On appeal, the district court recognized that the Chief Judge, as leading administrative officer for the court system within his circuit, had acted to preserve the courthouse space for uses he deemed essential to the efficient operation of the courts.

[A] court of general jurisdiction has inherent power to acquire and control facilities which are essential to secure and safeguard free and untrammeled exercise of its functions, but that inherent power cannot be exercised except for acquisition of necessary as distinguished from desirable quarters and space.

*1332 378 So.2d at 1248. The district court remanded the matter, however, and directed that an evidentiary hearing be held, to be presided over by a specially assigned judge from outside the Eighth Judicial Circuit. "The competing branches of government are entitled to develop the facts of this case." 378 So.2d at 1248.

Generally, court claims to courthouse space necessary to the performance of official court functions are paramount.
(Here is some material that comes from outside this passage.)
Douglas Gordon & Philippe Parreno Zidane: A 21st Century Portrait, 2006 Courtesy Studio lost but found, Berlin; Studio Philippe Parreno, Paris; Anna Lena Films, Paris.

Dahnke v. People, 168 Ill. 102, 48 N.E. 137 (1897); State ex rel. Hottle v. Board of County Commissioners, 52 Ohio St.2d 117, 370 N.E.2d 462 (1977); State ex rel. Finley v. Pfeiffer, 163 Ohio St. 149, 126 N.E.2d 57 (1955); Zangerle v. Court of Common Pleas, 141 Ohio St. 70, 46 N.E.2d 865 (1943); see generally 20 Am.Jur.2d Courts § 39 (1965). The courts are not simply another agency of the state or county government but are a co-equal branch of government. As such, they have the inherent power to protect themselves in the performance of assigned duties and functions. Commonwealth ex rel. Carrol v. Tate, 442 Pa. 45, 274 A.2d 193, cert. denied, 402 U.S. 974, 91 S.Ct. 1665, 29 L.Ed.2d 138 (1971); see generally Nowak, Courts & the American System of Government in State Courts: A Blueprint for the Future 143, 144-45 (T. Fetter ed. 1978).
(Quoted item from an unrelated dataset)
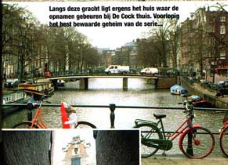
Langs deze gracht ligt ergens het huis waar de opnamen gebeuren bij De Cock thuis. Voorlopig het best bewaarde geheim van de serie...

Under the present circumstances, we find the county commission has the burden of showing a lack of any reasonable necessity for continued court use of present space. We emphasize that the county commission is attempting to reduce and restrict the courts' present use of existing space, as distinguished from the courts' seeking additional space or renovation of existing space. In the latter case, the court would carry the burden of showing a reasonable necessity to justify additional or renovated space. Rose v. Palm Beach County, 361 So.2d 135, 138 (Fla. 1978).

In the instant case, the county commission acted unilaterally to reallocate court-used space. The courts then responded unilaterally to protect their existing interest. When administrative views between two governmental branches conflict, we think the public interest will best be served by the public officials of each branch resolving differences in the spirit of cooperation, recognizing the duties, obligations, and responsibilities of the other. Only when that is not possible should a court proceeding commence which affords an opportunity for all interested parties to be heard. See Board of Supervisors v. Flatter, 268 N.W.2d 869 (Iowa 1978).

We agree with the district court of appeal that the county, if it desires, is entitled to an evidentiary hearing before a judicial officer from outside the circuit, at which the county's burden of proof will be as expressed in this opinion. This cause is remanded for further proceedings not inconsistent with the views expressed herein.

It is so ordered.

ADKINS, ALDERMAN and McDONALD, JJ., concur.

SUNDBERG, C.J., concurs in result only.

ENGLAND, J., dissents with an opinion.

ENGLAND, Justice, dissenting.

I cannot subscribe to this expansion of the inherent powers of the judiciary. I would accord a neutral forum for the resolution of these types of disputes, and I would require a proper showing of respective needs without unduly prejudicing the non-judicial branches of government. The assignment of burdens by the majority does not do that.